I awoke in the MICU on Jan 22 with a tube down my throat having no idea what had transpired. I had lost 30lbs and could not walk. After another week in the MICU the intubation tube was removed and I was able to get out of bed with limited mobility. Soon after I was moved to a fast-track room where 3 days later I was discharged.
I've been home now for a little over 3 months (obviously) and doing much, much better. I am very, very lucky. A week out of the hospital and I was up and walking without the walker in spite of the 100mg of prednisone I was taking daily. When I saw my pulmonologist, Dr. Kenyan, my x-rays showed my lungs to be nearly healed. There were no signs of granulomas, only some slight scar tissue. My oxygen saturation was at 98%, which was very encouraging, and I had no pain when taking a deep breath. I've taken four doses of cytoxan so far. I seem to respond well to the drugs. Fortunately for me there was only some slight presentation in my kidneys. My creatinine level was 0.65 when I entered the hospital but rose to 1.3 by the time I was discharged. However, I was given large amounts of broad spectrum antibiotics and pain killers while in the hospital, so that's to be expected I suppose.
I'm currently taking these meds:
1500mg monthly cytoxan infusions.
60mg daily prednisone.
100mg daily dapsone.
50mg daily linsinopri.
weekly I take fosamax.
I also take these supplements:
Calcium and vitamin D three times a day.
2 IUs of vitamin D3.
600mg of magnesium in powdered form.
Since being discharged I placed myself voluntarily on a very strict diet to counteract a lot of the GI problems that are associated with both prednisone and cytoxan.

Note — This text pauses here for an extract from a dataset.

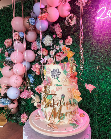 Η μικρή Ζακελίνα έσβησε τα κεράκια της διώροφης γενέθλιας τούρτας της, με τα 3D χρωματιστά λουλούδια να κάνουν τη διαφορά.

I don't eat any dairy, eggs, grains, legumes, night shade plants, or sugar. I also stay away from starchy tubars like sweet potatoes. I drink about a gallon of water a day and about 2 when I take my cytoxan treatments. Because of this I haven't experienced the severe weight gain many report while on prednisone. Avoiding the glucose from eating starchy and dense carbohydrate foods like potatoes and bread has kept my blood sugar relatively low around 86-90, so I don't think I'll have to worry about induced diabetes.
There's another reason for the strict diet. While doing research on the subject of autoimmune diseases my brother and I came upon new research into the connection between diet and autoimmune disease. Currently most doctors and WG specialists don't see diet as having anything to do with WG. However there have been several studies that show that both MS and rheumatoid arthritis can be put into remission through diet alone. And, seeing as the underlying disease process that causes the inflammation to occur in all autoimmune diseases are essentially the same, it follows that diet could have a similar impact on WG patients. Here's a pretty informative lecture on this topic by Dr. Loren Cordain - The Paleo Diet and Multiple Sclerosis (MS) (http://bit.ly/8XiCgz)
Well that's my story so far. I turned 31 in February and I'm greatfull for everyday I get to be here. I hope to be a valuable member to the WG community at large and am excited to have other people with WG to converse with. Take care and good health to you all.